Me levanté hoy bastante tarde, no puse el despertador. Cuando volteé y miré el suelo, me fijé que estaba sucio; no una, sino varias capas de polvo debían haberse asentado en estos días en que me dio flojera coger la escoba y seguir con la limpieza, el imperativo de mi abuela. Me acordé entonces de un momento de una canción que me gusta bastante: I look at the floor and I see it needs sweeping. Sí, mi piso también necesitaba una barrida. Mi inglés es monolítico, pero esa canción la sé de memoria. El mejor trabajo de mi profesora de inglés y se podría decir el mejor trabajo de algún profesor que tuve. Aunque ella no sabría probablemente su verdadero valor, no sé ni siquiera por qué la eligió para enseñarnos el tiempo presente. Hay otras mejores, me susurró una compañera que estaba sentada en la carpeta de atrás. No supe que había mentido hasta que Héctor nos prestó una cuantiosa cantidad de cassettes de The Beatles a pedido mío. Mejores no había, había canciones que tenían el mismo espectro pero no mejores.
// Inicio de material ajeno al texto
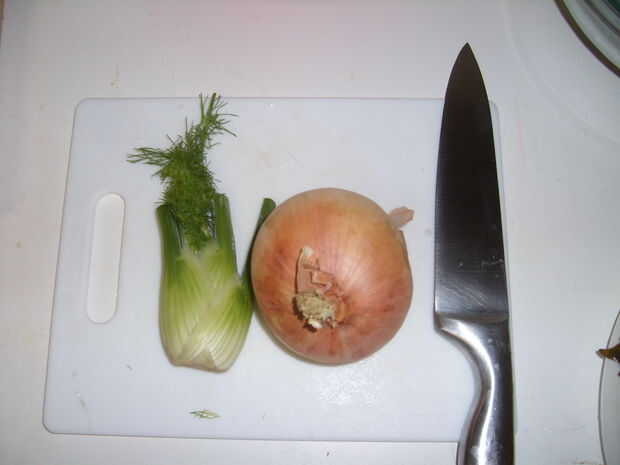 Dados la cebolla y el bulbo de hinojo, para obtener 1 cucharadita de ralladura de limón de uno de los limones.

El grupo no me pareció leyenda hasta que un día en que estuvimos en casa de Héctor, nos hizo subir a su cuarto y nos mostró una foto grande que un primo le acaba de regalar por su cumpleaños, y que guardaba casi escondida, de los cuatro beatles. Cuando pienso en George Harrison, autor de la canción que me recordó que tenía que limpiar; pienso en esa foto de los cuatro mirando hacia el oeste, con el cabello alborotado y el espíritu en suspensión, exhalando al unísono, los cuatro. Luego en videos, casi de forma obsesiva veía entrevistas a George Harrison y también él en concierto, quería descifrar qué había allí, si se podía aprender a ser así o había que nacer así. Así es: como si tuvieras miedo de matar a miles de microorganismos vivos que pululan alrededor de ti, como si cada movimiento de tu cuerpo hiciera daño al mundo. Los movimientos, eran los movimientos de su cuerpo los que simulaban a un espíritu, era el espíritu el que ahora tenía ojos, rasgaba la guitarra y hablaba. Ahora que mi piso está sucio, me acuerdo de él, de su muerte y yo tarareo la canción mientras me quito el pijama y me pongo la ropa de diario. Hoy me toca cocinar, regar unas cuantas plantas de haba que he sembrado en una pequeña parcela que permanece fértil, tratar de descifrar el mensaje que me llegó en la postal de Héctor.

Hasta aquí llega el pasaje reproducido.